- RECORDS FOR THE TASK

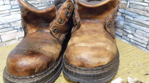 Ссылки на дополнительные материалы - в конце статьи. Ботинки старые, заслуженные. Прошли не одну тысячу километров. И владелец желает, чтобы прошли ещё столько же. Дефектов здесь несколько, есть критичные, но не фатальные. Прежде всего - это кожа верха. А также естественный износ низа обуви. Накат (профилактику) уже ставили. Ей, видимо, пытались заклеить трещины подошвы. Каблук тоже сношен до состояния "давно пора". Но если это как бы не видно, то кожа верха - это то, что на виду. Здесь уже хватило всего - и старого крема, и пыли/грязи, и реагентов...
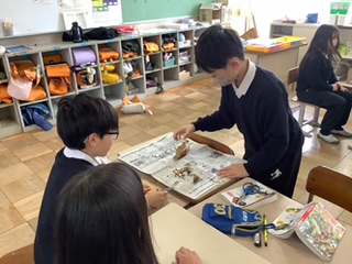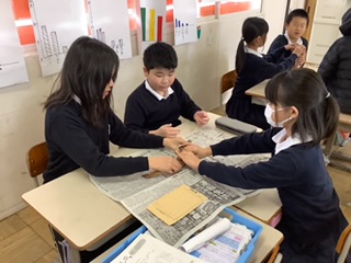今週行った3つの学習を紹介します。1つ目は総合学習「森林学習」。やまのこで作った焼杉の板に続いて、同じ間伐材の小さな無垢の杉板を、やすりを使って磨きました。熱中して磨くうちに表面がつるつるすべすべに。木材の持つ独特の質感や温かさを感じることができました。
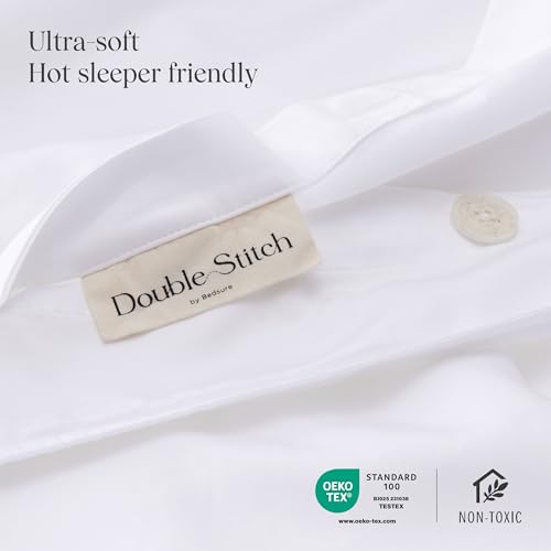 Double Stitch Cotton Tencel Duvet Cover – King Size Comforter Cover, Luxury & Soft Eucalyptus Lyocell Bedding Set for Hot Sleepers, Cooling & Breathable, Button Closure, Bright White, 106″x90″
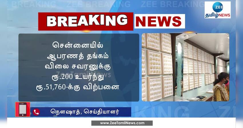 சென்னையில் ஆபரணத் தங்கத்தின் விலை சவரனுக்கு ரூ.200 உயர்ந்து ரூ.51,760-க்கு விற்பனை; தங்கம் விலை கிராமுக்கு ரூ.25 உயர்ந்து ரூ.6,470-க்கும், விற்பனை; வெள்ளி விலை கிராமுக்கு 50 காசுகள் உயர்ந்த நிலையில் ஒரு கிராம் ரூ.87.50-க்கு விற்பனை.
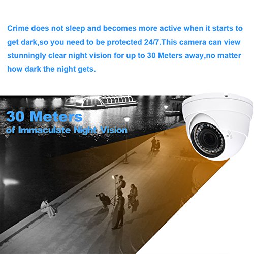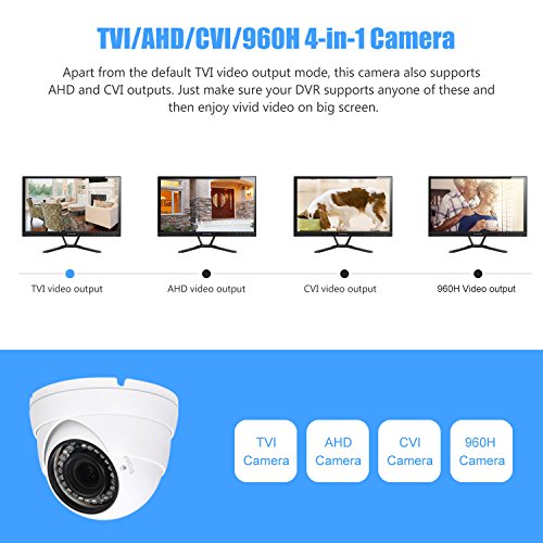 -. Feature : 4 IN 1 Security Camera :It has OSD Menu that can change the 4 different video output TVI,AHD, CVI and CVBS (700TVL) and adjust the video setting. / HD Resolution : The camera employs 1/2.7″CMOS Image Sensor with 2.1 Megapixel Resolution and an advanced circuit design. The resolution is as high as 1080P, which ensures clear and bright pictures security solution monitoring activity indoors and outdoor . / IR Night Vision : Built-in 2.8-12mm Varifocal Zoom lens, effectively extend your observation range. With 36 pcs IR infrared LEDs, it has 100 feet IR range, can change from color to black automatically and take clear picture during both day- and night-time. / Dome Camera Waterproof: The IP66 weather-rated housing provides protection from elements, including dust and sand, as well as harsh weather conditions, such as rain and snow. / Please notice:Default Video MODE is 1080P TVI MODE, Compatible with all Analog DVRs. 1080P Video Mode must be switched according to your DVR
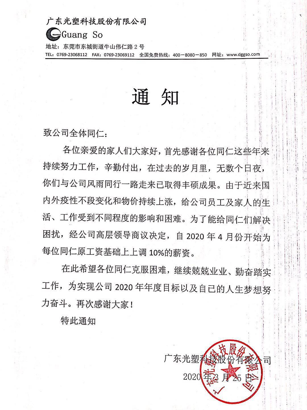 文章標題:點贊-光塑公司為員工逆市加薪
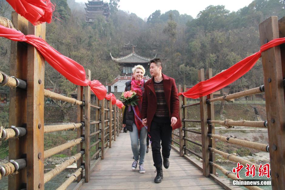26-year-old Ukraine girl Sasha, dressing in a panda suit, proposes to his Chinese boyfriend on the Valentine's Day in the street of Dujiangyan in southwest China's Sichuan province. One year ago, she came to travel in China and fell in love with her Chinese boyfriend. (Photo/CNS)
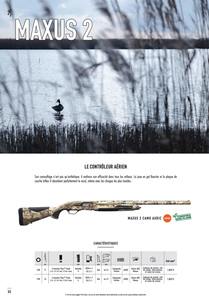 Hvis du foretrækker halvautomatiske geværer, så gå ikke glip af Maxus 2 Camo Auric. Det anvendte camouflagemønster fra USA er særligt effektiv i vådeområder, hvor der typisk jages ænder og gæs.
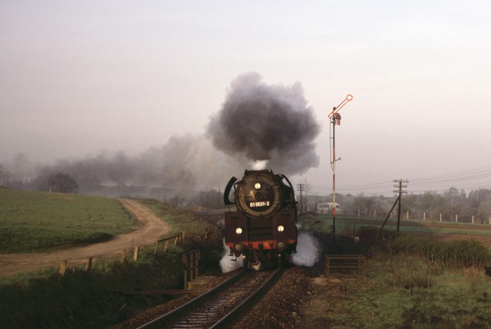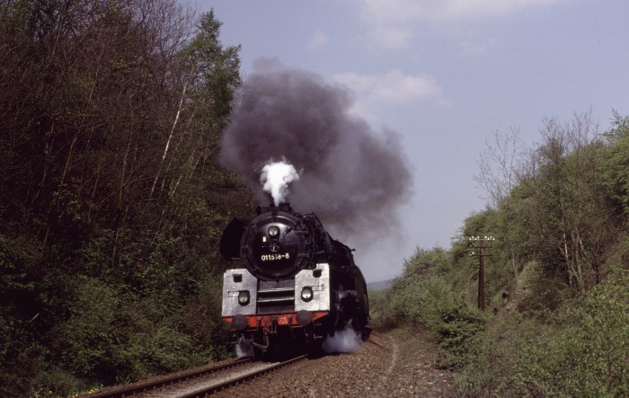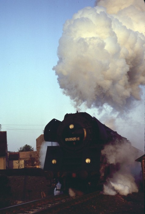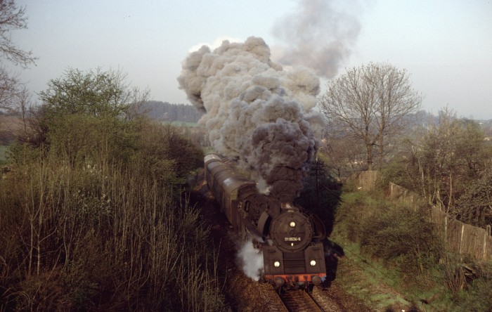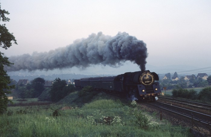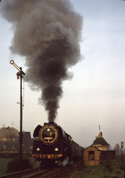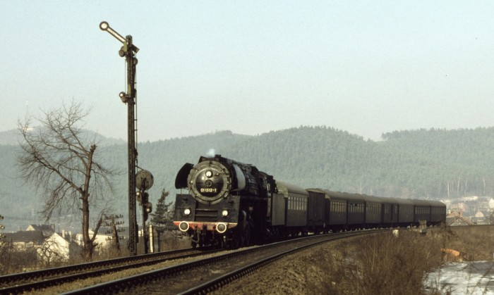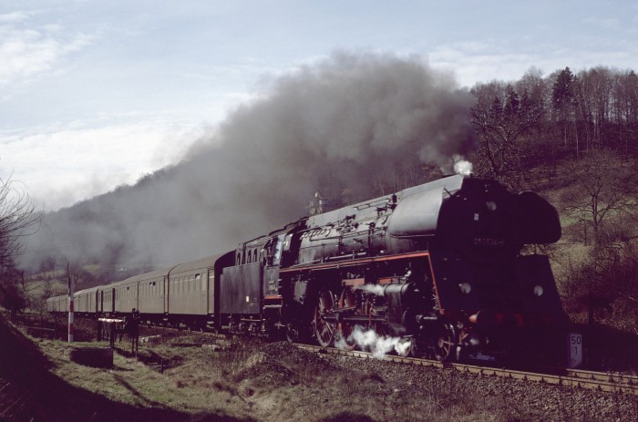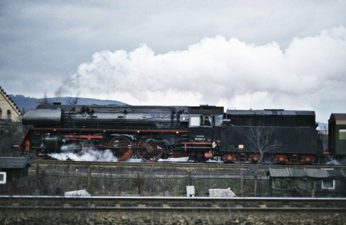 01 0522 wurde übrigens an diesem 21.März 1981 mit diesem schweren Zug bei der zu hörenden Fahrweise wortwörtlich etwas kaputtgefahren, es kam zu einem Schaden am Schieber etwa ab Kahla im Saaletal hörbar, ab Rudolstadt dann schon richtig "kaputt" klingend. Eine weniger dramatische Fahrweise hätte wohl jedoch den Fahrplan im Saaletal völlig verwirbelt, die Fahrzeit wären nicht annähernd zu halten gewesen. Aber egal, wir hatten es zusammen mit weiteren, zufällig getroffenen Soundfans im Zug sehr genossen - Das war die phantastischste 01.5-Mitfahrt, die ich jemals machen konnte!
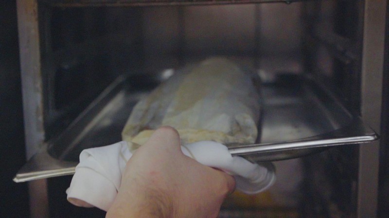 清蒸鲈鱼是常见的粤式吃法,本期,四季酒店主厨毕柏克为吃货们带来别样的鲈鱼吃法——“烤纸包鲈鱼”。他将鱼进行腌制后,用烘焙用纸裹紧,在烤炉中烤制40分钟。吸收了海鲜文蛤、白葡萄酒精华的鱼肉紧实鲜嫩,在打开外包纸的那一刻,香气四溢,让人欲罢不能。如此烹法,也能最大限度保存鱼的营养和鲜美。
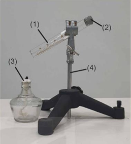 Một nhóm học sinh đã chuẩn bị các dụng cụ: Ống nghiệm (1), nút bấc có kích thước vừa khít với miệng ống nghiệm (2), đèn cồn (3), giá đỡ thí nghiệm (4) và các điều kiện cần thiết khác để làm thí nghiệm tìm hiểu về mối liên hệ giữa nội năng của một khối khí với năng lượng của các phân tử khí. Bố trí thí nghiệm như hình bên, sau đó dùng đèn cồn hơ nóng ống nghiệm cho đến khi nút bấc bật ra khỏi miệng ống nghiệm.
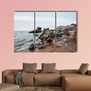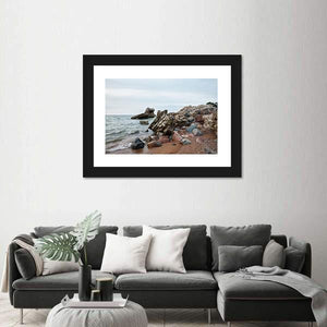 A realistic landscape showing a sunset above old, demolished military forts on a rocky shoreline, with gentle waves and varied rock colors. Composed using the rule of thirds and a muted blue-gray-brown palette, the print has a calm, natural mood that suits coastal or modern rooms.
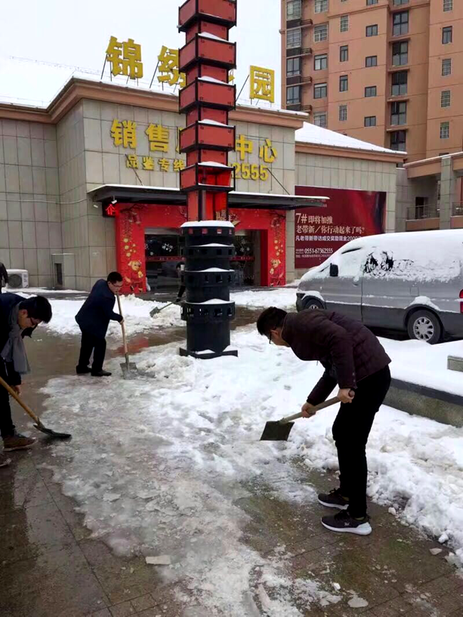 大雪紛飛至,除雪暖意濃。為方便市民出行,保障項(xiàng)目來(lái)訪客戶安全,安建地產(chǎn)瑤海公司全體員工眾志成城,全力以赴防雪除雪。零下的低溫,紛飛的大雪,除雪工作更加艱難,員工手臉被凍的通紅,但絲毫沒(méi)有削減大家高漲的熱情。貼心的防雪,高效的除雪,團(tuán)結(jié)的力量,讓整個(gè)項(xiàng)目暖意洋洋。

- EXERCISE PROMPT
The records must be restated word for word, apart from any images.

- TASK RESPONSE
 Ссылки на дополнительные материалы - в конце статьи. Ботинки старые, заслуженные. Прошли не одну тысячу километров. И владелец желает, чтобы прошли ещё столько же. Дефектов здесь несколько, есть критичные, но не фатальные. Прежде всего - это кожа верха. А также естественный износ низа обуви. Накат (профилактику) уже ставили. Ей, видимо, пытались заклеить трещины подошвы. Каблук тоже сношен до состояния "давно пора". Но если это как бы не видно, то кожа верха - это то, что на виду. Здесь уже хватило всего - и старого крема, и пыли/грязи, и реагентов...
今週行った3つの学習を紹介します。1つ目は総合学習「森林学習」。やまのこで作った焼杉の板に続いて、同じ間伐材の小さな無垢の杉板を、やすりを使って磨きました。熱中して磨くうちに表面がつるつるすべすべに。木材の持つ独特の質感や温かさを感じることができました。
 Double Stitch Cotton Tencel Duvet Cover – King Size Comforter Cover, Luxury & Soft Eucalyptus Lyocell Bedding Set for Hot Sleepers, Cooling & Breathable, Button Closure, Bright White, 106″x90″
 சென்னையில் ஆபரணத் தங்கத்தின் விலை சவரனுக்கு ரூ.200 உயர்ந்து ரூ.51,760-க்கு விற்பனை; தங்கம் விலை கிராமுக்கு ரூ.25 உயர்ந்து ரூ.6,470-க்கும், விற்பனை; வெள்ளி விலை கிராமுக்கு 50 காசுகள் உயர்ந்த நிலையில் ஒரு கிராம் ரூ.87.50-க்கு விற்பனை.
 -. Feature : 4 IN 1 Security Camera :It has OSD Menu that can change the 4 different video output TVI,AHD, CVI and CVBS (700TVL) and adjust the video setting. / HD Resolution : The camera employs 1/2.7″CMOS Image Sensor with 2.1 Megapixel Resolution and an advanced circuit design. The resolution is as high as 1080P, which ensures clear and bright pictures security solution monitoring activity indoors and outdoor . / IR Night Vision : Built-in 2.8-12mm Varifocal Zoom lens, effectively extend your observation range. With 36 pcs IR infrared LEDs, it has 100 feet IR range, can change from color to black automatically and take clear picture during both day- and night-time. / Dome Camera Waterproof: The IP66 weather-rated housing provides protection from elements, including dust and sand, as well as harsh weather conditions, such as rain and snow. / Please notice:Default Video MODE is 1080P TVI MODE, Compatible with all Analog DVRs. 1080P Video Mode must be switched according to your DVR
 文章標題:點贊-光塑公司為員工逆市加薪
26-year-old Ukraine girl Sasha, dressing in a panda suit, proposes to his Chinese boyfriend on the Valentine's Day in the street of Dujiangyan in southwest China's Sichuan province. One year ago, she came to travel in China and fell in love with her Chinese boyfriend. (Photo/CNS)
 Hvis du foretrækker halvautomatiske geværer, så gå ikke glip af Maxus 2 Camo Auric. Det anvendte camouflagemønster fra USA er særligt effektiv i vådeområder, hvor der typisk jages ænder og gæs.
 01 0522 wurde übrigens an diesem 21.März 1981 mit diesem schweren Zug bei der zu hörenden Fahrweise wortwörtlich etwas kaputtgefahren, es kam zu einem Schaden am Schieber etwa ab Kahla im Saaletal hörbar, ab Rudolstadt dann schon richtig "kaputt" klingend. Eine weniger dramatische Fahrweise hätte wohl jedoch den Fahrplan im Saaletal völlig verwirbelt, die Fahrzeit wären nicht annähernd zu halten gewesen. Aber egal, wir hatten es zusammen mit weiteren, zufällig getroffenen Soundfans im Zug sehr genossen - Das war die phantastischste 01.5-Mitfahrt, die ich jemals machen konnte!
 清蒸鲈鱼是常见的粤式吃法,本期,四季酒店主厨毕柏克为吃货们带来别样的鲈鱼吃法——“烤纸包鲈鱼”。他将鱼进行腌制后,用烘焙用纸裹紧,在烤炉中烤制40分钟。吸收了海鲜文蛤、白葡萄酒精华的鱼肉紧实鲜嫩,在打开外包纸的那一刻,香气四溢,让人欲罢不能。如此烹法,也能最大限度保存鱼的营养和鲜美。
 Một nhóm học sinh đã chuẩn bị các dụng cụ: Ống nghiệm (1), nút bấc có kích thước vừa khít với miệng ống nghiệm (2), đèn cồn (3), giá đỡ thí nghiệm (4) và các điều kiện cần thiết khác để làm thí nghiệm tìm hiểu về mối liên hệ giữa nội năng của một khối khí với năng lượng của các phân tử khí. Bố trí thí nghiệm như hình bên, sau đó dùng đèn cồn hơ nóng ống nghiệm cho đến khi nút bấc bật ra khỏi miệng ống nghiệm.
 A realistic landscape showing a sunset above old, demolished military forts on a rocky shoreline, with gentle waves and varied rock colors. Composed using the rule of thirds and a muted blue-gray-brown palette, the print has a calm, natural mood that suits coastal or modern rooms.
 大雪紛飛至,除雪暖意濃。為方便市民出行,保障項(xiàng)目來(lái)訪客戶安全,安建地產(chǎn)瑤海公司全體員工眾志成城,全力以赴防雪除雪。零下的低溫,紛飛的大雪,除雪工作更加艱難,員工手臉被凍的通紅,但絲毫沒(méi)有削減大家高漲的熱情。貼心的防雪,高效的除雪,團(tuán)結(jié)的力量,讓整個(gè)項(xiàng)目暖意洋洋。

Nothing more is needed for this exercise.